Central to Wronski's philosophy of mathematics [Wronski 1811] and his later work was his “Absolute Law” for expanding a function \( F(x) \) as \( \sum^{\infty}_{n=0} A_n \Omega_n(x) \) for some class of “generating functions” \( \{\Omega_n(x)\} \). This law, which he inferred by informal induction, includes Taylor Series and other expansions as special cases. Servois discussed an important particular case of Wronski's formula on page 154 of the “Reflections,” in which the generating functions are,
\[ \varphi x, \; \varphi x \cdot \varphi (x + \xi), \; \varphi x \cdot (x + \xi) \cdot \varphi (x + 2\xi), \; \ldots; \]
for a particular function \( \varphi \) and a constant increment \( \xi \) in \( x \). Servois noted that this follows as a particular case of his equation (13) in the “Essay,” which is his version of Isaac Newton's (1643-1727) interpolation formula. Servois gives the details in an extended four-page footnote, which we include as an appendix at the end of our translation of the “Reflections.”
We close this survey of Wronski's work with a brief description of operators that he called grades and gradules. Grades and gradules are analogous to differences and differentials, respectively; however, the increments applied to the variables are exponential instead of additive [Montferrier 1856, pp. 96-103]. Grades and gradules are defined as follows: begin with a function \( y= \varphi(x) \) and suppose that the power of \( x \) receives an increment \( \mu x \). The function \( \varphi(x) \) becomes \( \varphi(x^{1+\mu x}) \). Wronski expressed the resulting change in \( y \) by
\[ y^{1+\mu y} = \varphi\left(x^{1+\mu x}\right). \]
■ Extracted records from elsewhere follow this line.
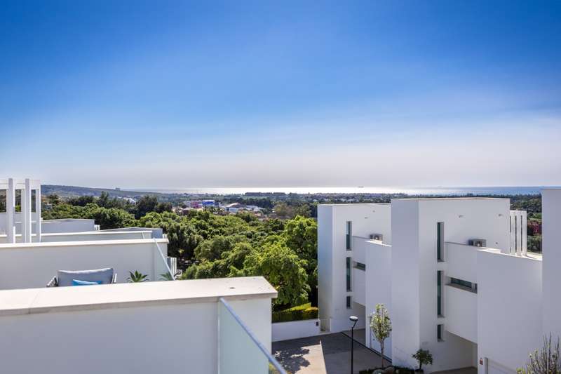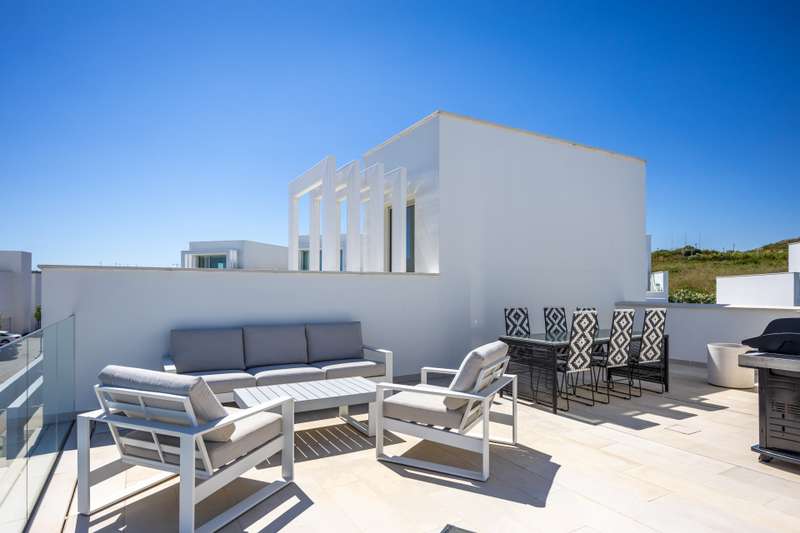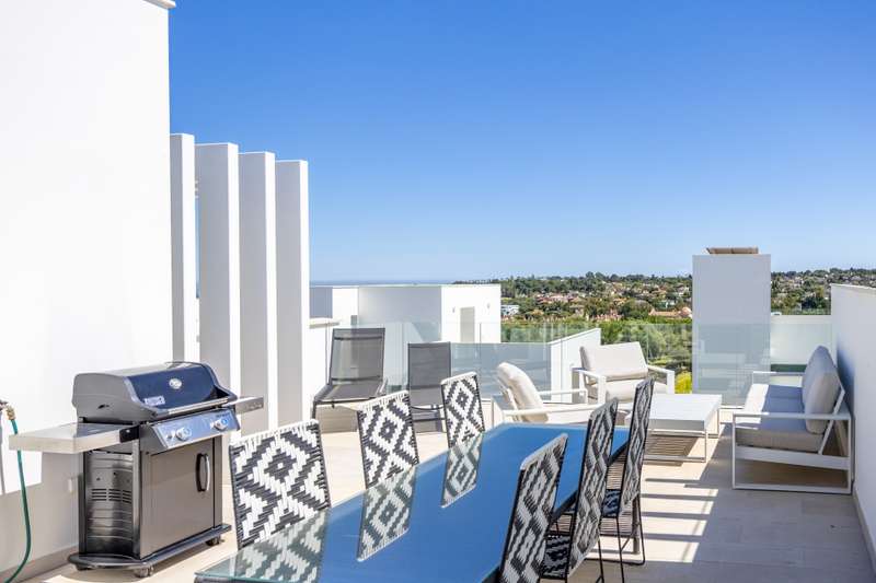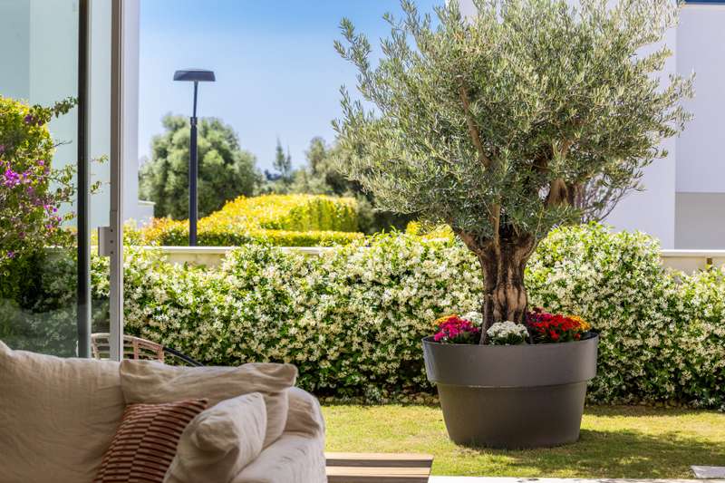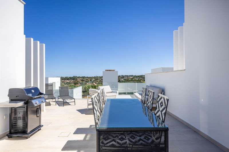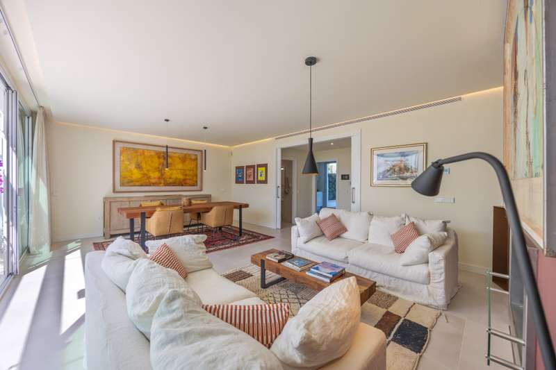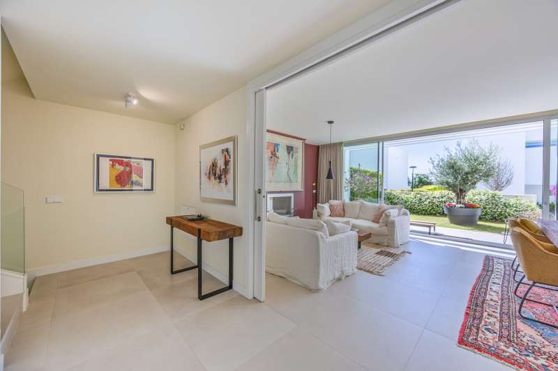 In the heart of La Reserva de Sotogrande, one of the most sought-after areas on the Costa del Sol, you will find this bright and elegant townhouse located in the prestigious private development, La Finca. With a built area of 314.6 m², this property combines contemporary aesthetics with maximum comfort, offering an exclusive lifestyle just minutes from the golf course and the iconic The Beach, the beach club of La Reserva. The design of the home unfolds in spacious and luminous areas, highlighted by large floor-to-ceiling windows that flood every room with natural light thanks to its south-facing orientation. From the impressive 54.30 m² solarium, you can enjoy panoramic views of the sea, the communal pool, and the natural surroundings, inviting relaxation and the enjoyment of unforgettable sunrises and sunsets. The house also features a private garden and a front patio totaling 52.03 m², ideal for outdoor breakfasts or moments of unwinding. Spread over three floors plus a solarium, the property offers 3 bedrooms, 2 full bathrooms, and a guest toilet. The living-dining room, decorated with art pieces and noble materials, opens onto a cozy terrace that connects to the garden, while the kitchen, with clean lines and a minimalist style, is fully equipped and opens onto the front patio. Comfort is guaranteed year-round thanks to ducted air conditioning and underfloor heating. As for amenities, La Finca is a recently built development (year 2020) distinguished by the quality of its finishes and its comprehensive communal areas: communal pool, gym, paddle tennis court, and landscaped areas. It also offers its own concierge service. Additionally, there is 24-hour private security and surveillance cameras in La Reserva de Sotogrande, and it is located on the second line of the golf course, a privileged setting for golf enthusiasts. The property includes a private garage with capacity for 2 vehicles. Sotogrande is not just a destination, it is a way of life. Internationally recognized for its select atmosphere, impeccable urban planning, and commitment to nature and sports, this enclave on the Cadiz coast has established itself as one of the most exclusive places in Europe. Here, luxury is present in every corner, but always with a discreet, relaxed spirit deeply connected to the environment. From prestigious golf courses such as the renowned Real Club Valderrama or La Reserva Club, to its marinas, tennis and polo clubs, natural beaches, and sophisticated beach bars, Sotogrande offers a lifestyle that combines the tranquility of a privileged setting with a vibrant social and sporting calendar. All this, with first-class infrastructure, excellent security, and an international community that values privacy and quality above all else. Whether as a primary residence or a second home, this property is a unique opportunity to become part of an enclave where time stands still, light envelops everything, and every day can begin with sea views and end with a stroll in this exclusive community. Please do not hesitate to contact us for more information.
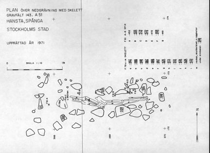 Skelettgrav, anläggning nummer 51, fornlämning RAÄ 143 i Spånga socken
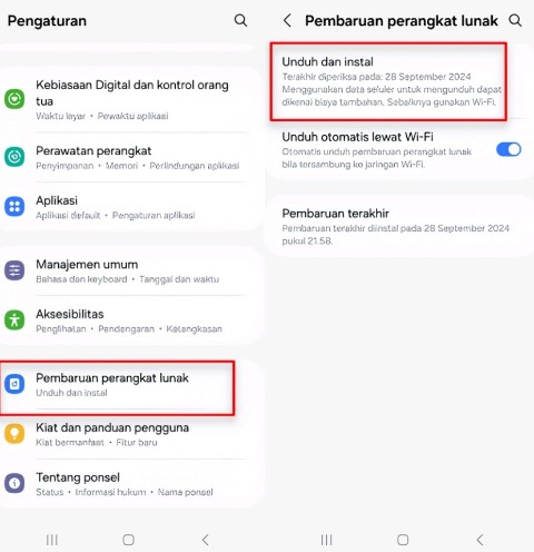 - Cara mengaktifkan: Pengaturan > Pembaruan Perangkat Lunak > Unduh dan Instal.
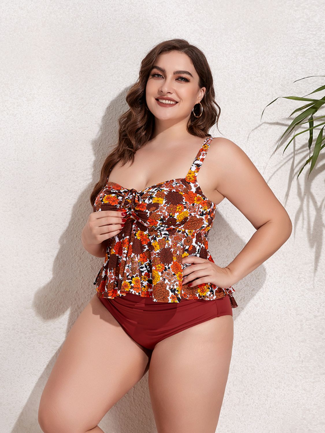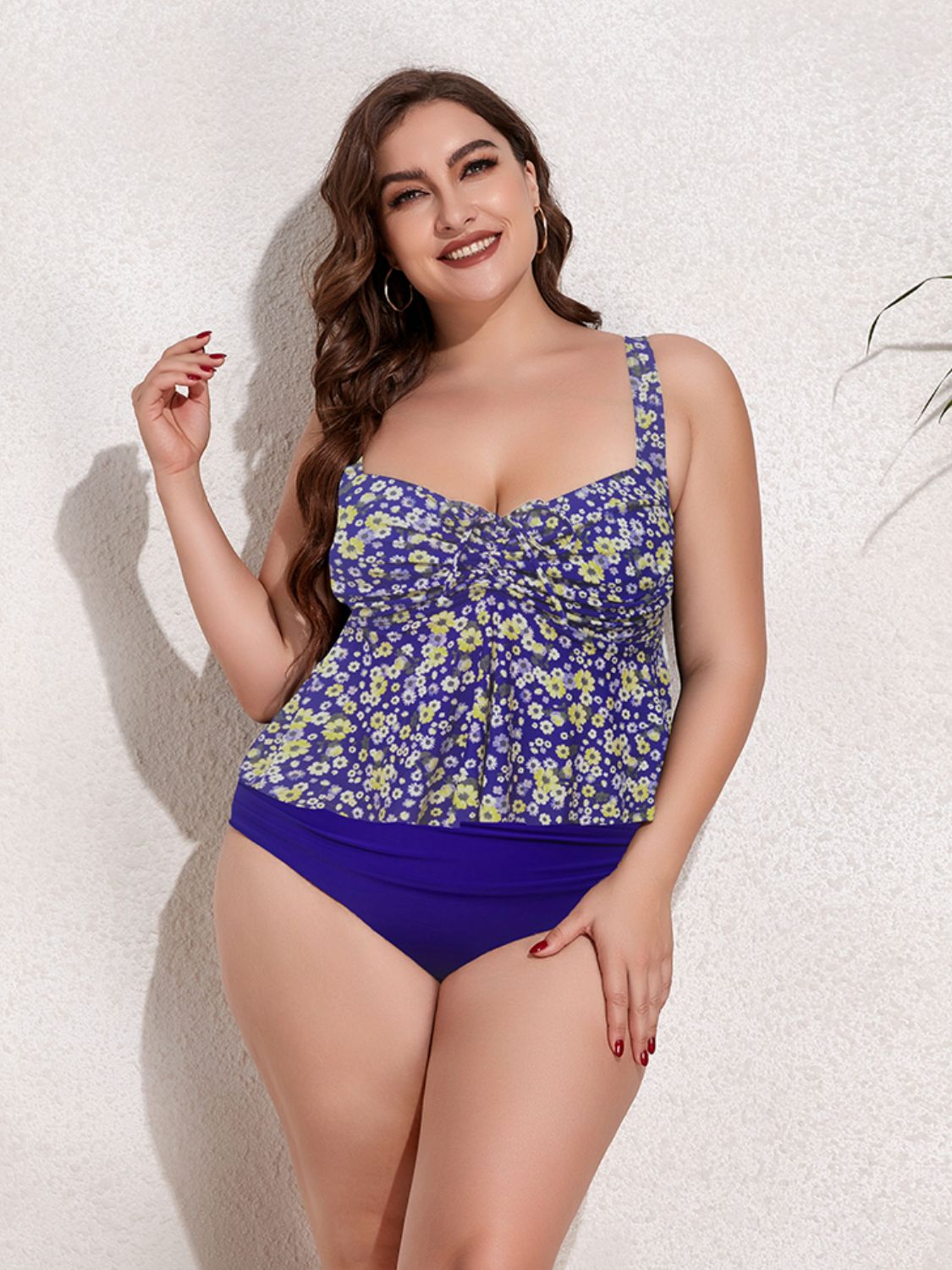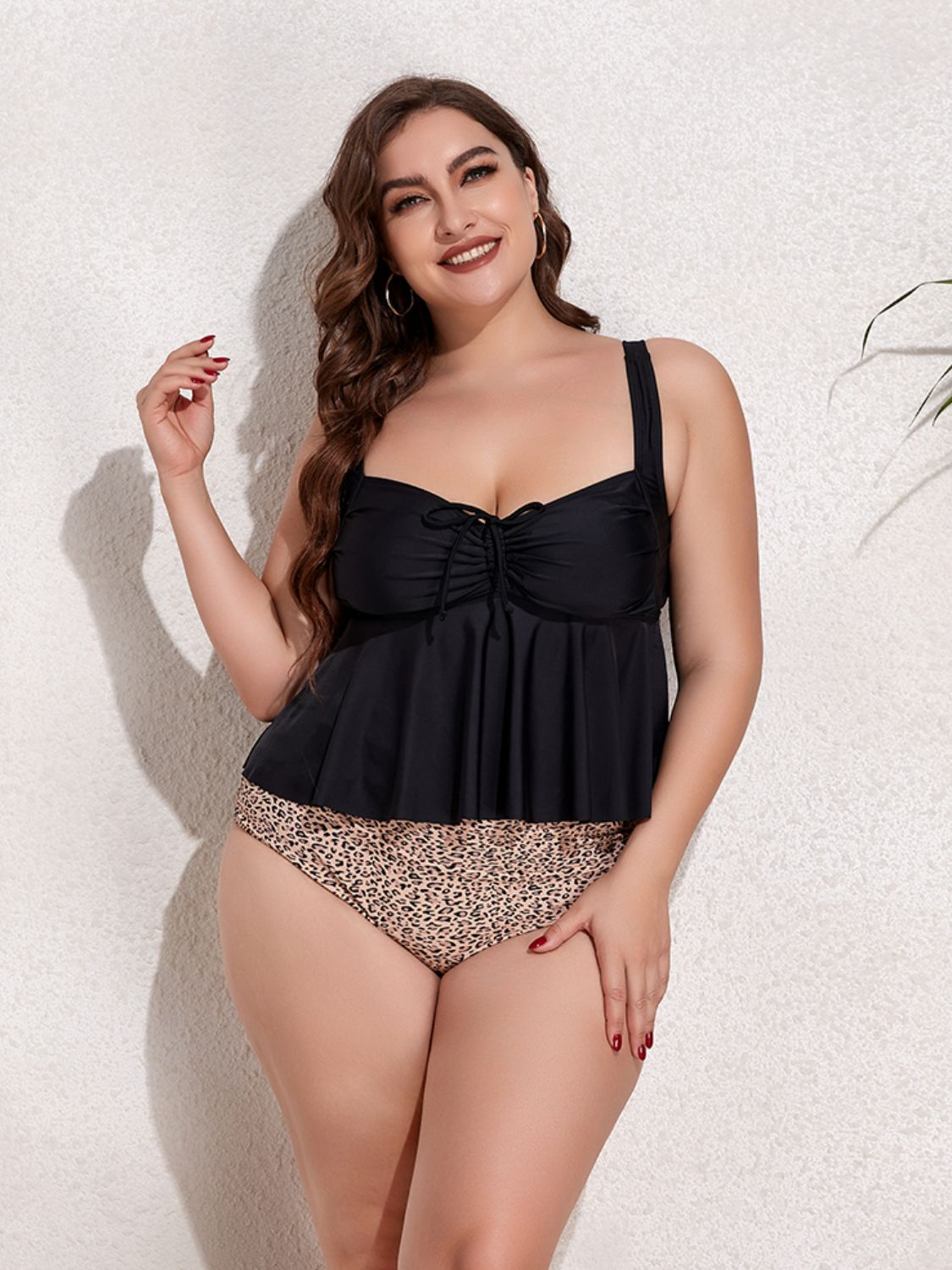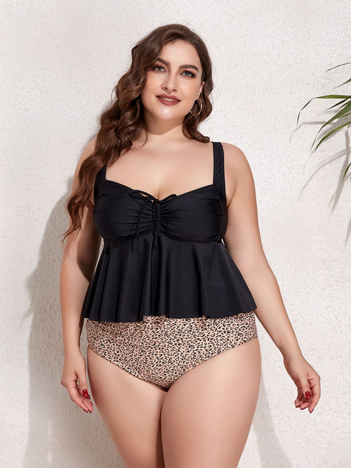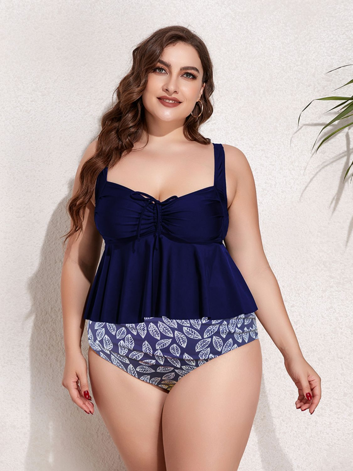Plus Size Two-Tone Drawstring Sleeveless Tankini Set
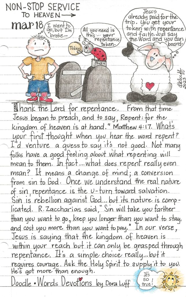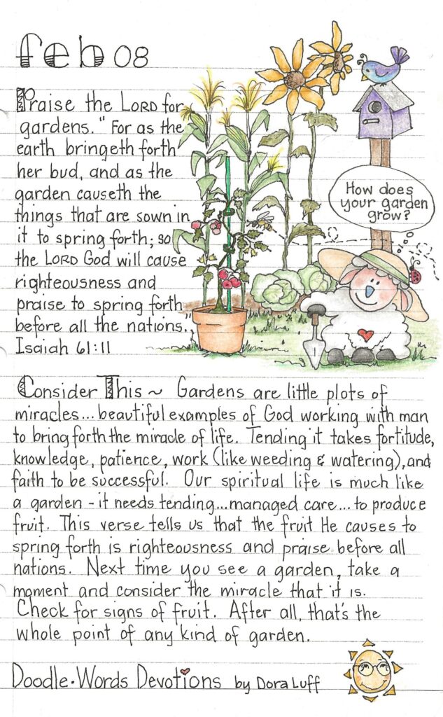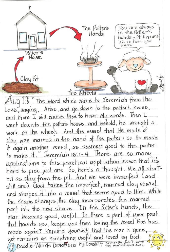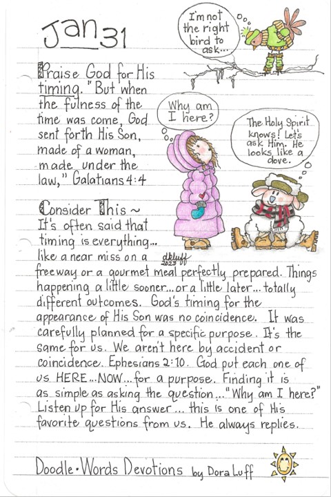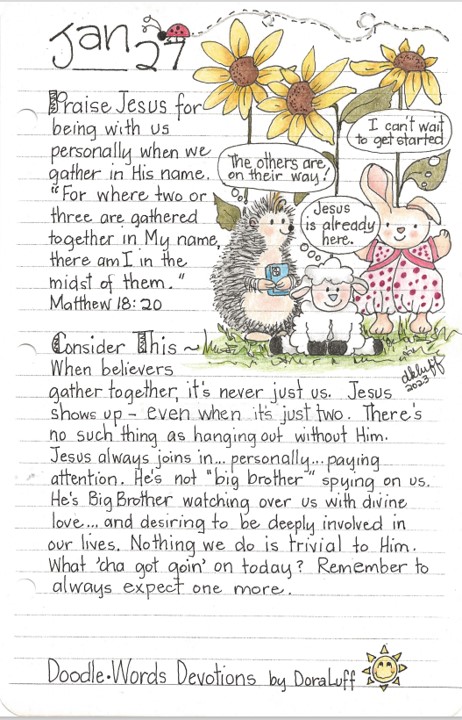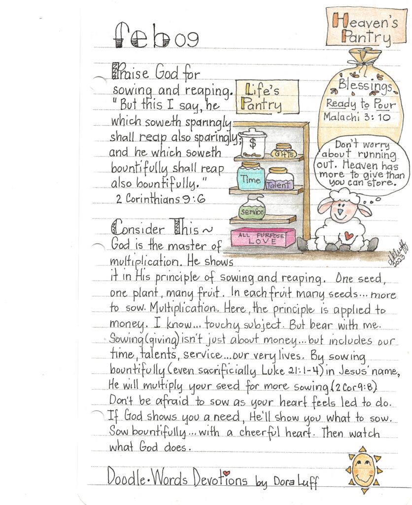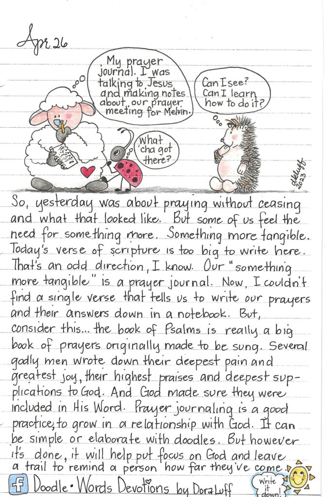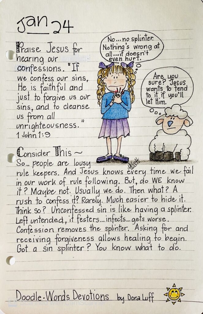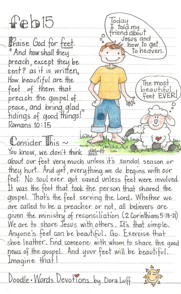 Doodle Words Devotions is written and drawn by Mrs. Dora Luff, a member here at Central Baptist Church. What began as a simple, daily devotional for a few of her friends quickly began to be used by God to help others grow and see God in a whole new light.

We note the analogy with ordinary differences in the relation \( y+\Delta y = \varphi(x+\Delta x) \). When the increment \( \mu x \) is finite, Wronski called the quantity \( y^{\mu y} \) the grade of \( \varphi(x) \). When the increment \( \mu x \) is infinitely small, then it is called the gradule. Servois pointed out that grades and gradules are an unnecessary complication, because they can be expressed as
\[ \frac{{\Delta ^m \ln \varphi (x + \mu \xi )}}{{\ln \varphi (x)}} \quad \mbox{and} \quad \frac{{d^m \ln \varphi (x)}}{{\ln \varphi (x)}}, \quad \mbox{respectively}. \]